The 40-year-old Dubliner has slipped to 89th in the latest world rankings, all of which makes his seasonal return to competition rather timely.
Indeed, time is against him: Harrington must break into the world’s top 64 by early-February if he is to secure a place in the WGC-Accenture Matchplay which, especially in a Ryder Cup year, offers players an edge – in world points and on the money list – in their attempts to make Jose Maria Olazabal’s team for Chicago come September.
In acknowledging that the Ryder Cup, as ever, is one of his goals for the season, Harrington is also aware failing to make the fields for the Accenture and the WGC-Cadillac championship a fortnight later would hurt his chances of making a seventh European team.
“I’ve put myself really behind the eight ball, I’ve got to have a good year to make the team,” affirmed Harirngton, who currently sits in 40th place in the world points list and in 49th on the European Tour table.
He knows it becomes an even bigger ask if he misses the WGC events with their bountiful points.
Harrington – one of three Irish players competing in Fancourt this week alongside Ulstermen Darren Clarke and Michael Hoey – is heading into the event, which has a €350,000 top prize, aware he has a lot of ground to make up in the coming weeks as he follows Fancourt by playing in next week’s Abu Dhabi tournament and then the ATT Pebble Beach Pro-am after which the field for the matchplay is finalise.
After a disappointing season in 2011, Harrington is gung-ho about the season ahead. “I believe I am going to have a good year because I found myself at the end (of 2011) in a very nice place on the golf course.

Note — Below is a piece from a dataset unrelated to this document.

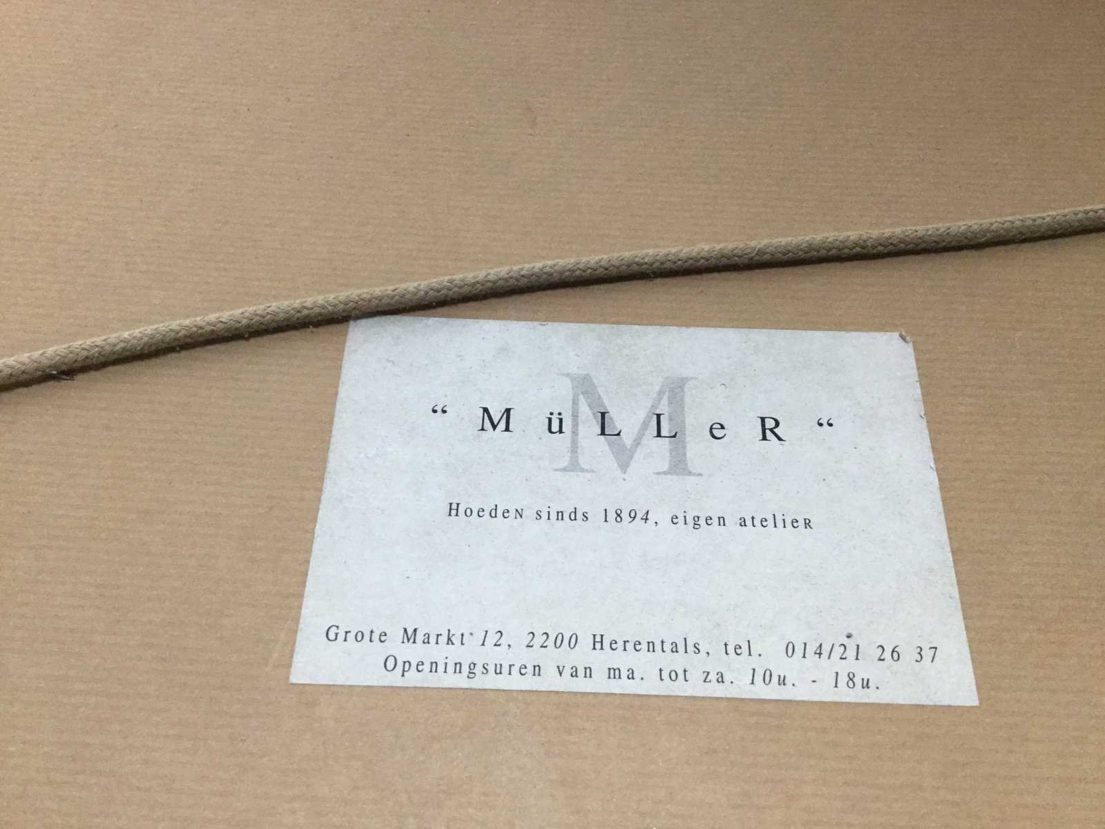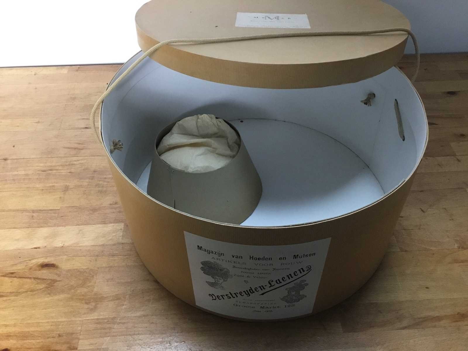 De antieke kartonnen hoedendoos van een Nederlandse firma, specifiek gericht op rouwartikelen en hoofddeksels. Het betreft een doos van de firma Verstreyden-Laeneng. De winkel was gevestigd aan de Groote Markt 123 en actief in 1854. De doos werd gebruikt voor het verkopen van hoeden, mutsen en rouwartikelen. Nee Bestaande uit: Antieke Hoedendoos 1e: Muller Totale afmeting lxbxh: 450 rond 220 hoogmm Materiaal: Karton

“I am not carrying any burdens on my shoulder. I am playing the game for the sake of the game and I am finding myself very relaxed when I come off,” he said.

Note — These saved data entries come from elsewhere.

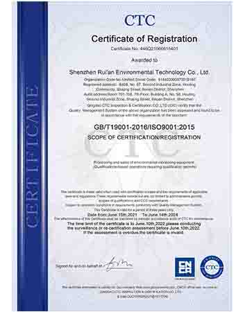 睿安環(huán)境科技 售后服務(wù)認(rèn)證證書 中文 正本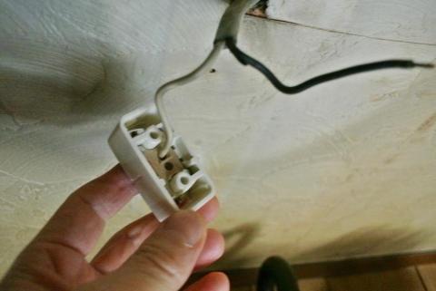 この種の器具の場合、天井から伸びる2芯単線ケーブルが直付け配線になっているので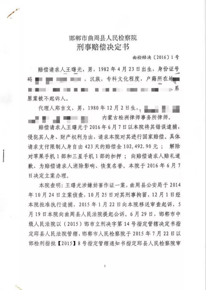 王曙光被释放后回到海南,2016年4月,他委托代理律师向曲周县检察院提出国家赔偿申请。曲周县检察院收到王曙光及律师提交的国家赔偿申请材料后,一直未受理,王曙光再次信访、申诉。经河北省检察院、河北省涉法涉诉服务中心督办,曲周县检察院于2016年6月决定受理王曙光提出的国家赔偿申请。同年8月6日,曲周县检察院刑事赔偿决定书显示,王曙光于2016年6月7日以曲周县检察院将其错误逮捕,侵犯人身、财产权利为由,请求该院对其进行国家赔偿,具体请求支付限制人身自由423天的赔偿金102492.90元;向赔偿请求人赔礼道歉、为赔偿请求人消除影响、恢复名誉。曲周县检察院认为,赔偿案审理期间,曲周县公安局对原案进行了重新补充侦查,认定其犯罪事实清楚,证据确实充分,并提出了移送审查起诉意见。赔偿请求人请求的赔偿侵权事项事实不存在,决定对王曙光的赔偿请求不予赔偿。此后,王曙光向邯郸市检察院提出赔偿复议申请,2016年10月11日,邯郸市检察院作出刑事赔偿复议决定,支持他的刑事赔偿请求。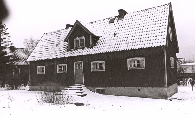 Bilden visar framsidan av ett bostadshus som fanns på Godemansgatan 5, år 1971.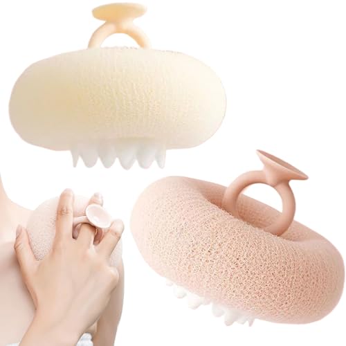 ひまわり柄のボディスポンジ2個セット。優れた吸引カップで滑り止め効果抜群。角質除去やスキンケアに最適。旅行や自宅で、男女問わず使えるスパ用アイテムです。

Meanwhile, Peter Dawson, the chief executive of the RA, has paid a visit to Royal Portrush to assess the course’s prospects of being added to the rota of courses for the British Open.
“What was heartening was to see the standard of the roads around Portrush and the number of places to stay. There isn’t one big hotel but there are any number of medium-sized ones. The biggest question, of course, is the commercial aspect of going to Ireland.
“Plus, spectator movement would be difficult. There is a lot of bracken and stuff off the fairways. Even if that were removed, the terrain is so severe it is hard to imagine armies of spectators out there. The course is almost too good to have spectators on it.
“Anyway, no decision has yet been made. I don’t want to give anyone the impression that we are going there. But we do have more people going over to have a look relatively soon.
"And we will be very interested to see how the course copes commercially and in terms of spectator movement when the Irish Open (June 28th-July 1st) is held there later this year. So we are taking it seriously," Dawson told The Scotsmannewspaper.